By then, DDT had come into large-scale use, and resistant strains of houseflies had developed. Newer insecticides—or, to use a more general term that will cover chemicals used against rats or against weeds, pesticides—must continually be developed.
In addition, there are critics of the overchemicalization of our battle against other, nonhuman forms of life. Some critics are concerned lest science make it possible for an increasingly large segment of the population to remain alive only through the grace of chemistry; they fear that if ever our technological organization falters, even temporarily, great carnage will result as populations fall prey to the infections and diseases from which they have been kept safe by chemical fortification and to which they lack natural resistance.
As for the pesticides themselves, the American science-writer Rachel Louise Carson published a book, Silent Spring, in 1962 that dramatically brought to the fore the possibility that our indiscriminate use of chemicals might kill
harmless and even useful species along with those we are actually attempting to destroy. Furthermore, Carson maintained that to destroy living things without due consideration might lead to a serious upsetting of the intricate system whereby one species depends on another and, in the end, hurt more than it helps humanity. The study of this interlinking of species is termed ecology, and there is no question but that Carson’s book encouraged a new hard look at this branch of biology.
The answer, of course, is not to abandon technology and give up all attempts to control insects (the price in disease and starvation would be too high) but to find methods that are more specific and less damaging to the ecological structure generally.
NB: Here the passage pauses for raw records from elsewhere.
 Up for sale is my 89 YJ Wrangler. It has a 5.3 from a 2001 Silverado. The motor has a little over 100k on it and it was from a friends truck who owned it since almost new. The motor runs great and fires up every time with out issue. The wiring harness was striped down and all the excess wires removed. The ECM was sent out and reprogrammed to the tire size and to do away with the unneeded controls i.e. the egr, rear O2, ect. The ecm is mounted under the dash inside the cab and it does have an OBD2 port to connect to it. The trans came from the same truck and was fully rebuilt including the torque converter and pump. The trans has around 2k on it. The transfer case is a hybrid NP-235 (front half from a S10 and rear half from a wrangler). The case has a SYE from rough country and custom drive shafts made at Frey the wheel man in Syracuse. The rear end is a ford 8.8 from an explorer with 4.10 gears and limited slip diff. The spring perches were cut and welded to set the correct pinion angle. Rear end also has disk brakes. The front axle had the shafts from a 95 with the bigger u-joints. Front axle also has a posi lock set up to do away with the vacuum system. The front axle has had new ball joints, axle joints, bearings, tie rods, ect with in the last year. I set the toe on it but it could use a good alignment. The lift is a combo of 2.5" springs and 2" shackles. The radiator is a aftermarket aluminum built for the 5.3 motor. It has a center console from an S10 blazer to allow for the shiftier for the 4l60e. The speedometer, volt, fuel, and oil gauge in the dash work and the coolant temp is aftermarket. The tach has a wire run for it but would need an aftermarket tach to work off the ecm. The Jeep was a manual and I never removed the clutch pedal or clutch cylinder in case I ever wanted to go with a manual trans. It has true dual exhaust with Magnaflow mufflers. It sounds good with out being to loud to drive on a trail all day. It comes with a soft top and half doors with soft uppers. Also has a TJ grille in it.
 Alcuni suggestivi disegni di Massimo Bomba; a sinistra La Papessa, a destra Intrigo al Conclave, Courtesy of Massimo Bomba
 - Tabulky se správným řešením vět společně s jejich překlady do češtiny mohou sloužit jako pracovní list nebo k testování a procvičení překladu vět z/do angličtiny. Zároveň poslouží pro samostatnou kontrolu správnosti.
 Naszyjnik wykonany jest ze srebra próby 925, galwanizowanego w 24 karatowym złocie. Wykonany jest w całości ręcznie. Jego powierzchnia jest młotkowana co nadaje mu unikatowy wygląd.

For instance, insects have their enemies. Those enemies, whether insect-parasites or insect eaters, might be encouraged. Sounds and odors might be used to repel insects or to lure them to their death. Insects might be sterilized through radiation. In each case, every effort should be made to zero in on the insect being fought.
One hopeful line of attack, led by the American biologist Carroll Milton Williams, is to make use of the insects’ own hormones. Insects molt periodically and pass through two or three well-defined stages: larva, pupa, and adult. The transitions are complex and are controlled by hormones. Thus, one called juvenile hormone prevents formation of the adult stage until an appropriate time. By isolating and applying the juvenile hormone, the adult stage is held back to the point where the insect is killed. Each insect has its own juvenile hormone and is affected only by its own. A particular juvenile hormone might thus be used to attack one particular species of insect without affecting any other organism in the world. Guided by the structure of the hormone, biologists may even prepare synthetic substitutes that will be much cheaper and do the job as well.